Scattered among Flyn’s capsule travelogues are fascinating tangents, side trips to Bikini Atoll or New York City’s High Line. There are detours into the journey of Lewis and Clark’s Corps of Discovery, into the land art of Robert Smithson, into the contagion theory of “urban blight.” Flyn’s book is a generous catalogue not only of trauma and ruin but also of living things and how they interact with each other and their environments. Her chapter on invasive plants, such as the giant hogweed with its burning, blinding sap, yields a thoughtful inquiry into the concept itself. What makes a species “invasive” rather than evolutionarily successful? At what point are our botanical interventions, our curatorial preferences, subverting the natural order of things? What, if anything, excludes human activity from that order?
Islands of Abandonment may cock a skeptical eye, may even roll an eye, at our prejudices about the way the natural environment ought to be. But it is anything but an apathetic or nihilistic book. Rather, it is an optimistic one. It preaches a gospel of inexorable reforestation, of carbon sequestration, of animal populations left alone to increase their numbers. It punctures assumptions about nature’s fragility to encourage hope, not further recklessness, and to cultivate deeper thinking about environmental ethics and our place in the world. It is not going too far to call it a philosophical book.

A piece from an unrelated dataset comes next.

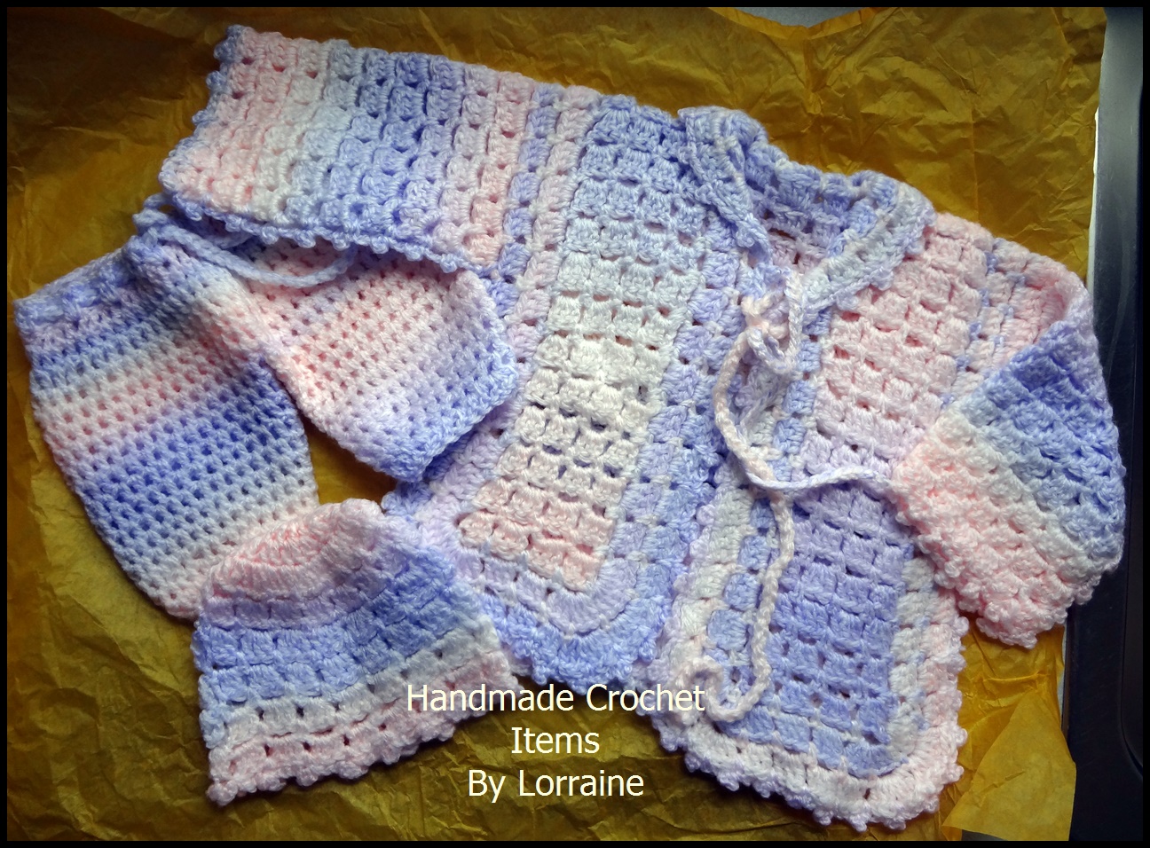 My second piece of news is that my son James and his girlfriend are having a baby, it is due in Feb 2017, I will be a Nan, how wonderful is that. Once I heard the news I felt that I needed to resurrect my crochet tools and have ago at making some baby stuff, so far I have made several hats, including one with bunny ears, baby jackets, pants and mittens, apart from the hats I have never done anything like this before but I am more than pleased with the outcome.

Islands of Abandonment is, among many other things, a treatise on aesthetics. At every turn, it questions how we come to value some versions of “nature” over others. Flyn notes that in the 17th century, the term “wasteland” was “applied not to sites of dereliction but to fens, swamps, and marshes.” Now, such areas enjoy pride of place as protected wetlands. “The lesson in this, I think, is that what feel like self-evident truths about the world around us can, in fact, be culturally specific — moral judgments we are imposing upon the world around us.”
Flyn’s descriptive prose is so dependably beautiful, recalling Henry David Thoreau’s journals or Annie Dillard’s essays, that it makes the reader wonder if anything in the natural world can really be called ugly. Flyn’s “islands of abandonment” are at worst “pretty-ugly,” a term she borrows from the French. (If a swimsuit model is tres jolie, a high-fashion model is jolie-laide.) Hence, we get Flyn’s “scraggy toilet-brush trees” or a crumbling parking lot “quilted with soft brown moss and frothy gray and peppermint lichens” or “mint green paper … slipping from the plaster like silk.” We may come to recognize beauty in surprising forms. Our environment may change in ways we can neither anticipate nor control. We’d better get used to that. As one Detroit resident, stubbornly refusing to be scared off, tells a reporter: “It’s nothing like it used to be. But it is home. This is home.”
Stefan Beck is a writer living in Hudson, New York.